### Try it
Omitting all pictures, print the lines of the listing from the one containing "STEP9:まな板を洗う(5/6):ソフトクロール水ですすぐ" through the final line, both ends included, with no other text.

═════ Source material ═════

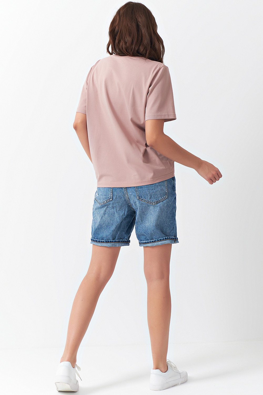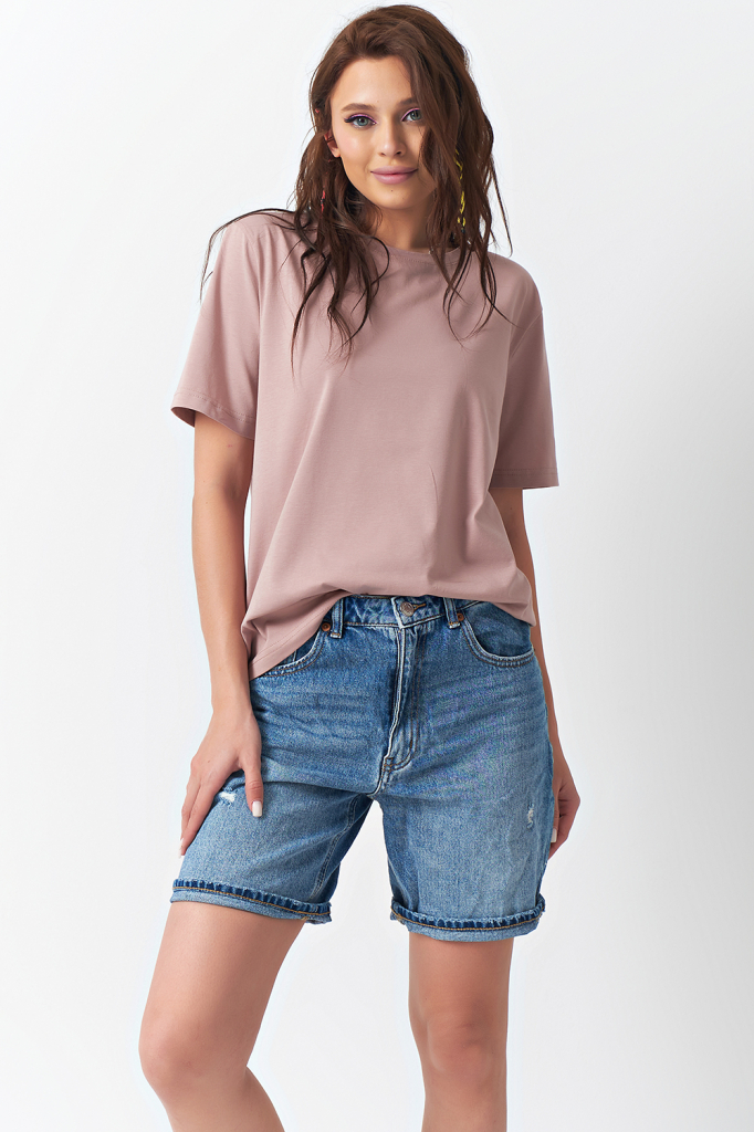 Футболка прямого силуэта из трикотажа. Детали: горловина обработана бейкой, низ рукава обработан в подгибку с отстрочкой.
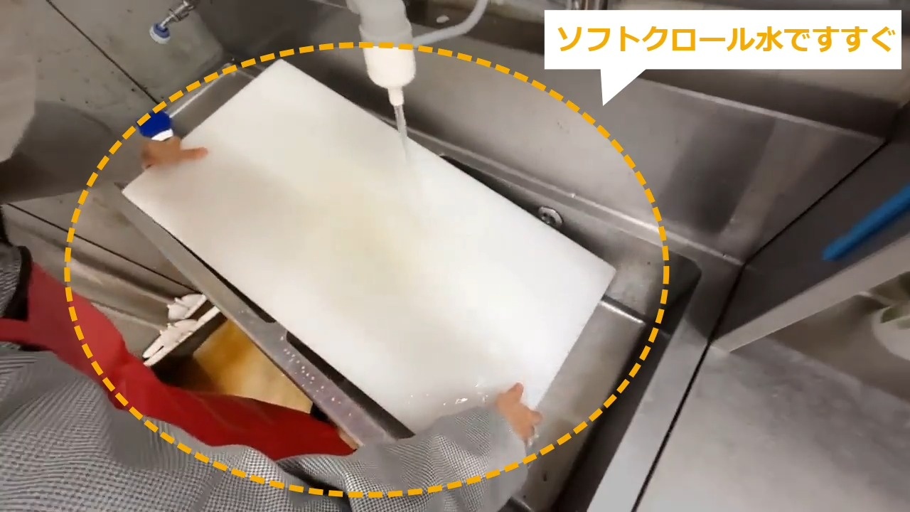STEP9:まな板を洗う(5/6):ソフトクロール水ですすぐ
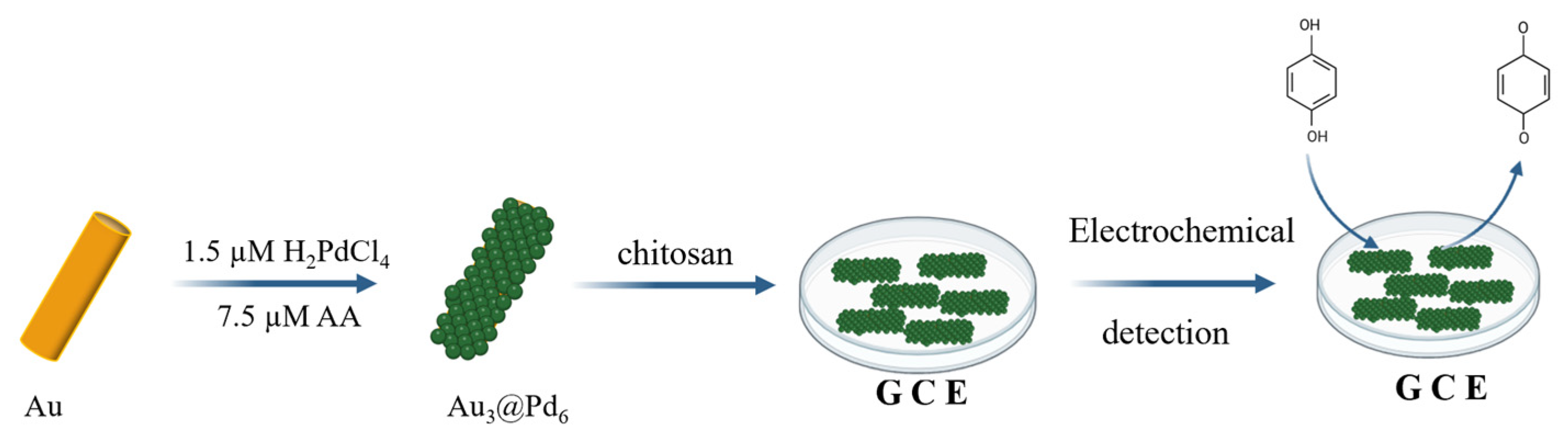 Figure 13. Schematic diagram of the synthetic process of Au3@Pd6 nanocomposite [110].

═════

### Answer section
STEP9:まな板を洗う(5/6):ソフトクロール水ですすぐ
 Figure 13. Schematic diagram of the synthetic process of Au3@Pd6 nanocomposite [110].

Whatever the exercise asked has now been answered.